说罢,他似是随意地问道:“看公子的神色,莫非这位云姑娘,有什么不妥之处?”
宫少辞的语气陡然冷了几分,眉峰微挑:“雪宫的规矩,不是闲杂人等不得擅入么?”
雪重子微微一怔,连忙解释:“可云姑娘拿出了执刃夫人的名头,言明自己并非闲杂人等,我才破例留她的。”
宫少辞的眸色瞬间沉了下去,眼底掠过一丝不易察觉的寒芒。
雪重子捕捉到他的情绪变化,压下眉宇间的烦躁,当即道:“公子若是不满,我这就派人将她拿下,逐出门去。”

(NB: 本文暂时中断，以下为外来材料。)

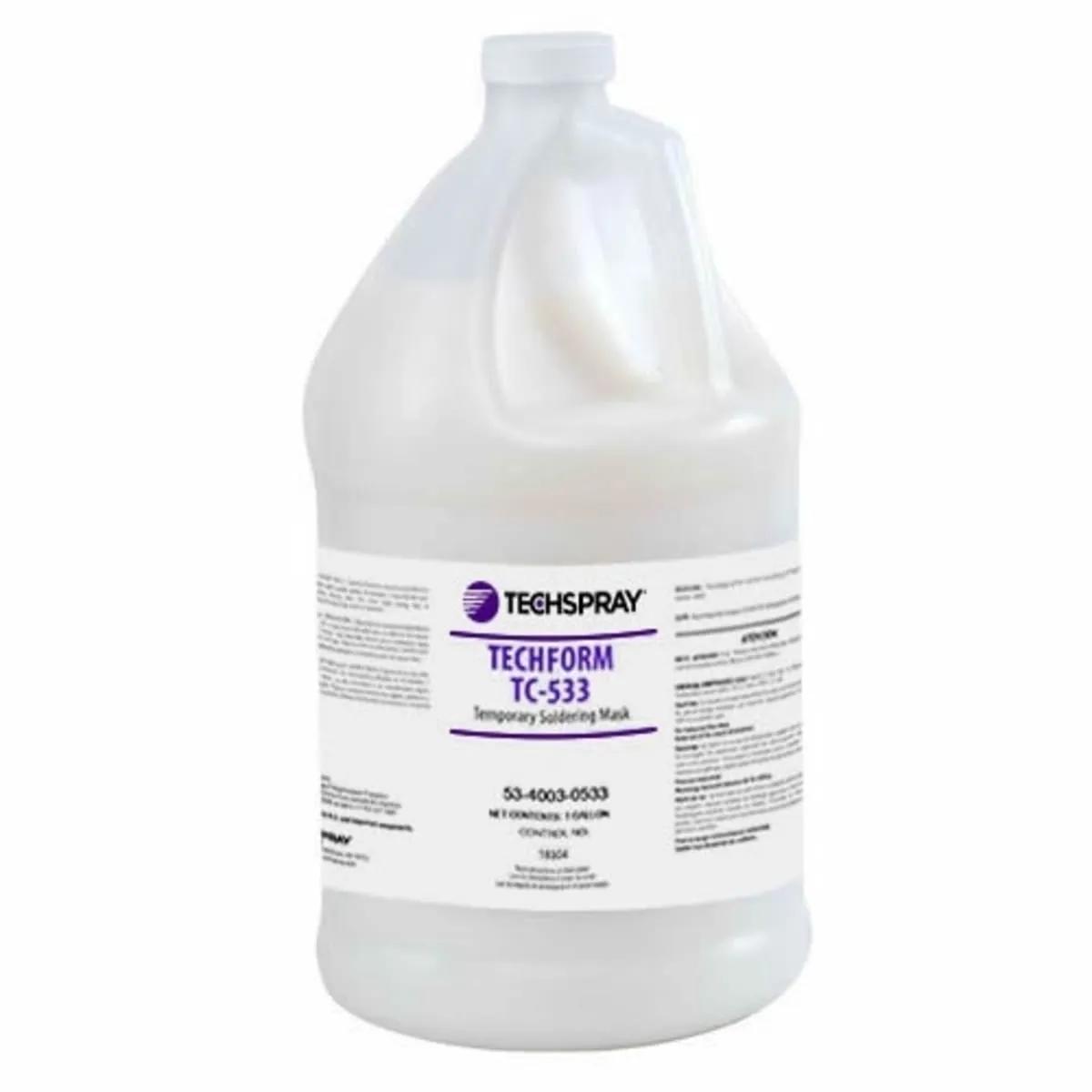 The Kester TC-533 is a high temperature flexible solder masking compound specially formulated of natural latex rubber. The latex has been chemically enhanced so that it is heat stable and tacky enough to be applied to those areas of circuit boards, which require masking during a wave soldering process. The Kester TC-533 effectively masks and protects the board from the time it is manufactured, through all assembly and flow operations. - The Kester TC-533 can remain on the protected areas of the board until ready for test and then, with only a mild pulling action by hand or tweezer-like tools, can be easily peeled away without leaving a residue. The Kester TC-533 prevents solder from flowing into contacts, terminals, screw heads and plated through holes.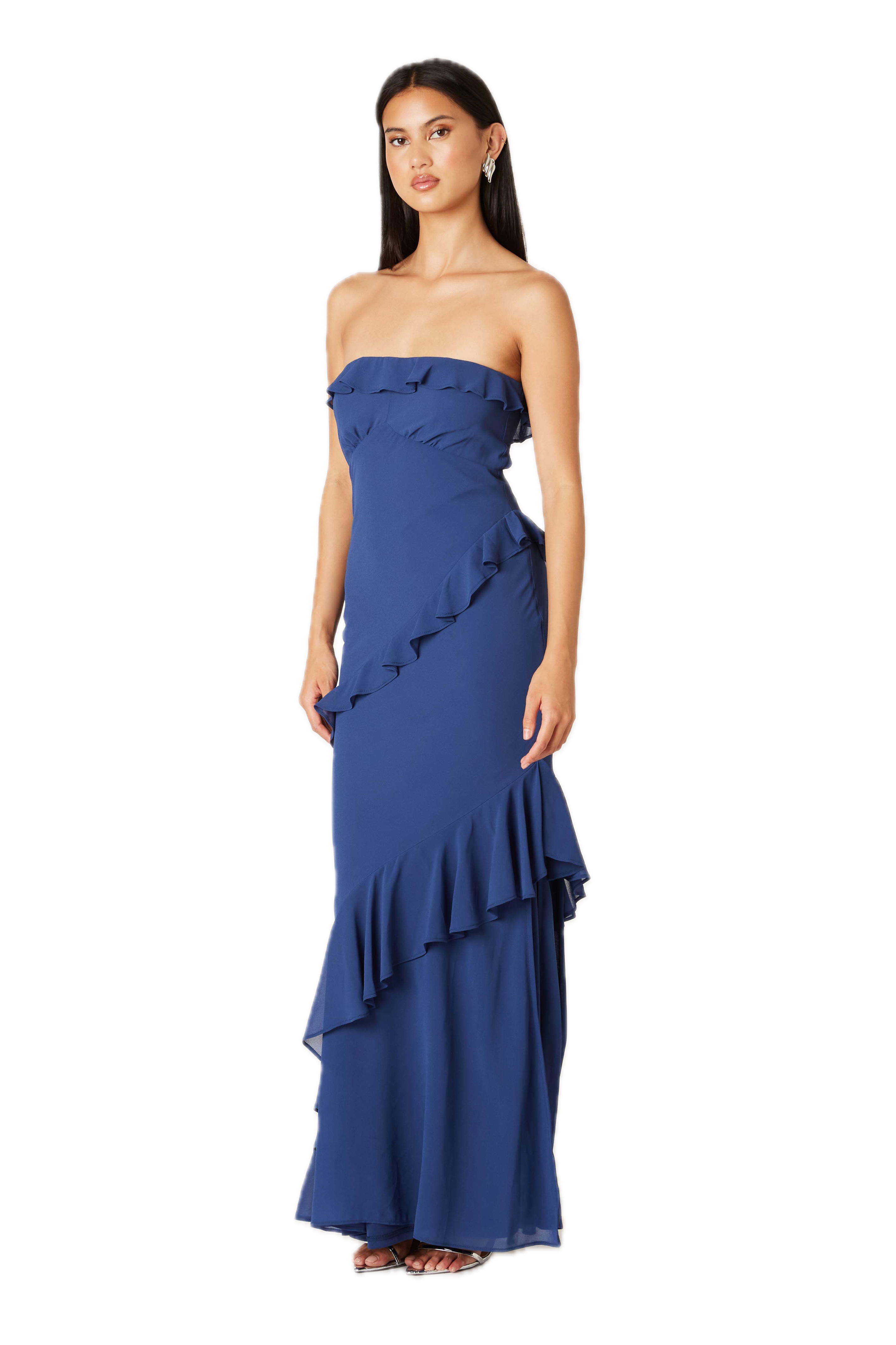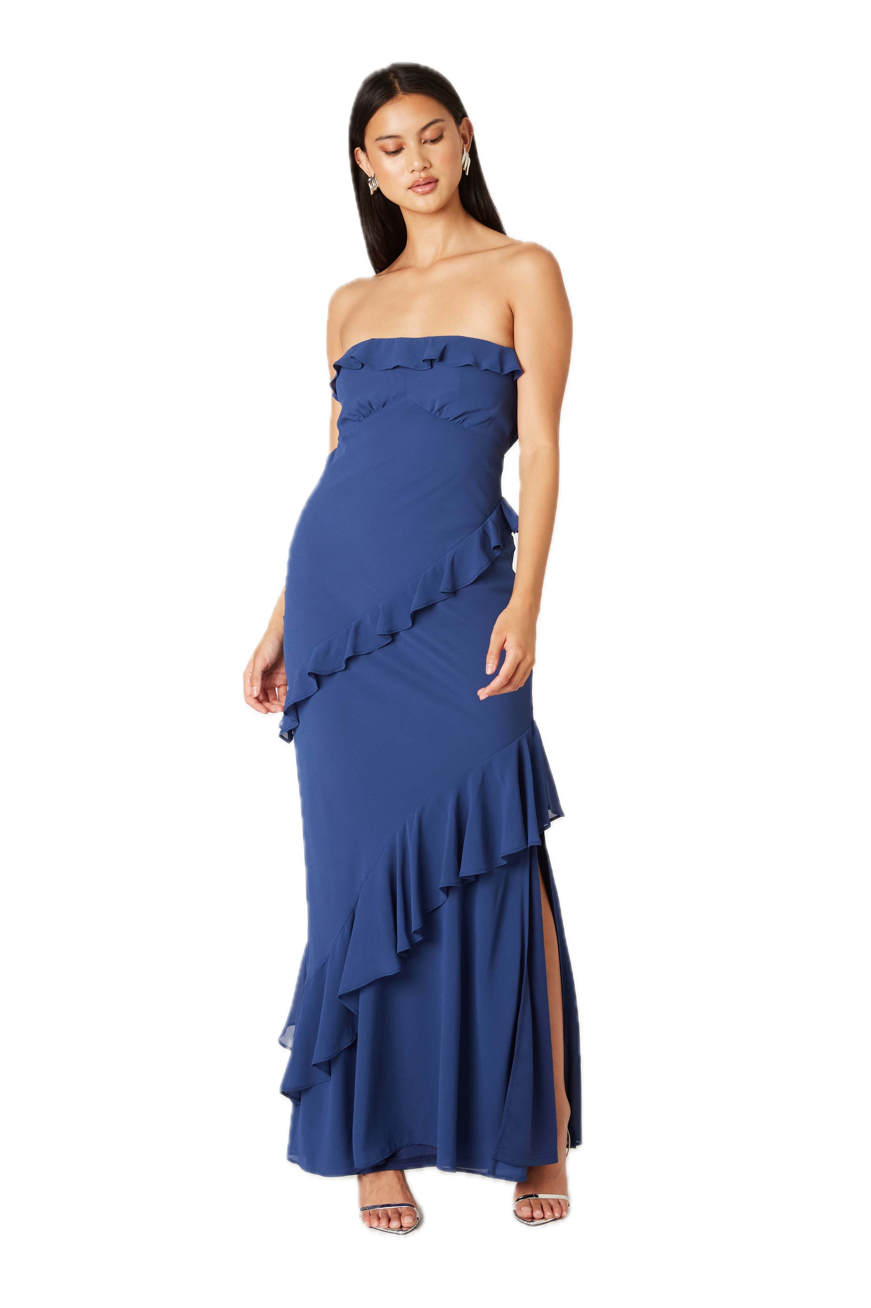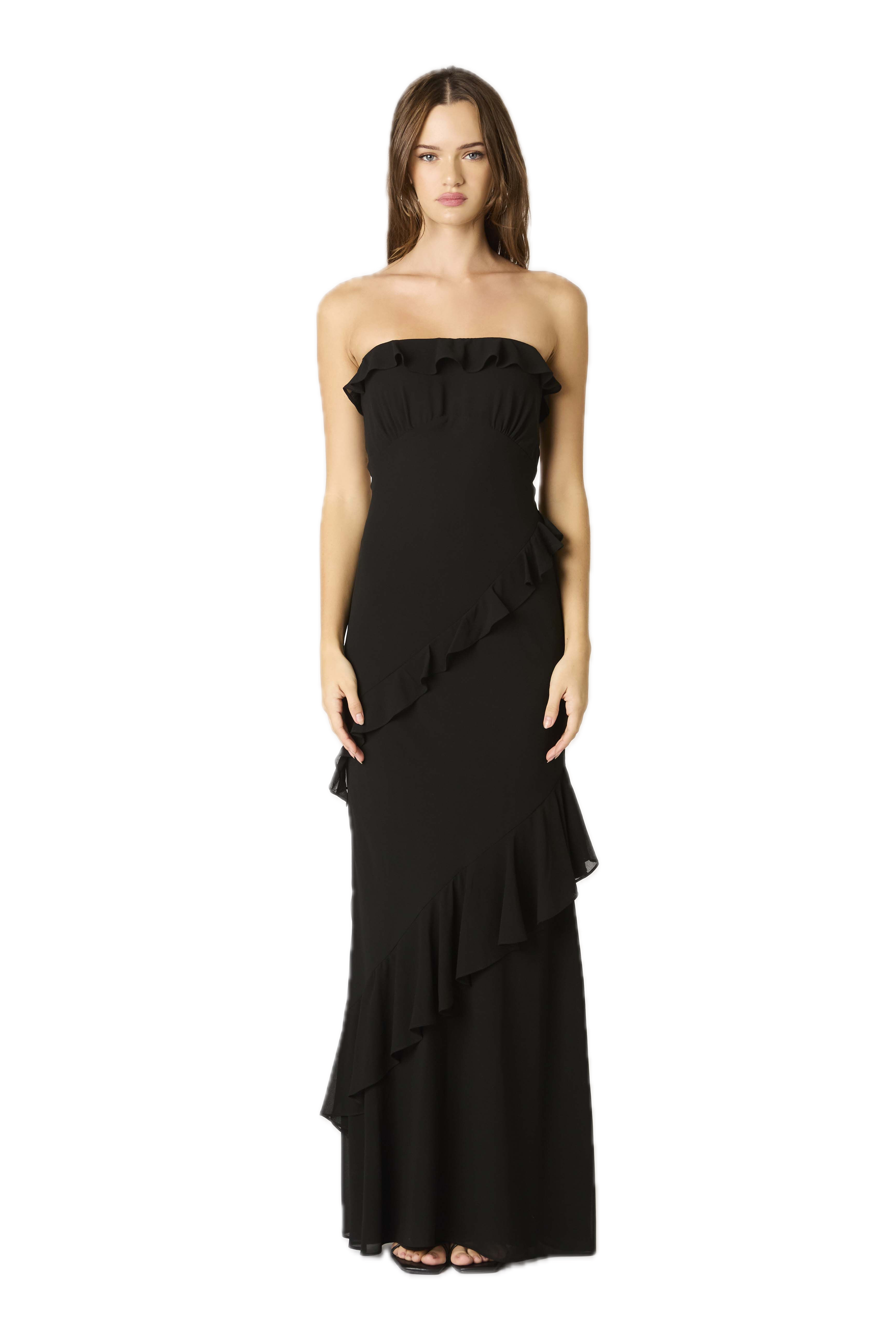 Strapless ruffle maxi dress
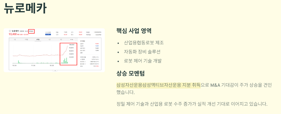 - 최근 모멘텀: 산업용·협동로봇 테마 강세와 연계, 기술력 부각

“不必。”宫少辞忽然抬手拉住他的胳膊,语气里带着几分耐人寻味的玩味,“她说的没错,她如今,的确是宫门的执刃夫人。”
雪重子心中一紧,连忙追问:“那需不需要我暗中盯着她?以防她暗中动手脚。”
宫少辞瞥了他一眼,语气带着几分淡淡的提点:“事到如今,你觉得盯着她,还有用吗?”
雪重子的头微微低下,唇瓣紧紧抿成一条直线。他不愿在宫少辞面前显露半分笨拙,可这话却让他无从反驳。
“她若真敢做出什么出格的事,你再出手制止不迟。”宫少辞话锋一转,语气多了几分郑重,“你真正要帮我盯着的,是宫子羽。那小子心肠太软,但凡有女子对他稍加示好,他便容易陷进去,分不清真假。”
雪重子的眸色微暗,声音竟带了几分不易察觉的艰涩:“公子……很在意羽公子是否会爱上云为衫?”
宫少辞上下扫了他一眼,语气理直气壮,仿佛这是再理所当然不过的事:“自然在意。他若是真对那女人动了心,岂不是要坏了大事?”
虽然最后他两注定要走到一起,但不妨碍计划进行。
雪重子低低地应了一声“哦”,尾音拖得有些长,听上去闷闷不乐的,连带着周身的寒气都重了几分。
宫少辞见状,反倒觉得有些新奇,挑眉问道:“你这是在不高兴什么?这事与你有什么干系?”
雪重子心头一跳,生怕自己的心思被看穿,连忙摇头,匆匆转移了话题:“公子,夜已深了,还是早些安歇吧,明日还要闯寒潭洞。”
宫少辞见他不愿多说,也没有再追问,只是淡淡颔首。
石门缓缓关上,将两人分隔在两个世界。雪重子背靠着冰冷的石门,额头轻轻抵在门上,闭着眼睛发出一声几不可闻的叹息。
他修炼的葬雪心经,每满四年便会经历一次返老还童,随着功力日渐深厚,过往的记忆也会渐渐模糊。为了记住六年前那惊鸿一瞥的少年,他不惜强行压制修为,却终究拦不住身体的自然变化。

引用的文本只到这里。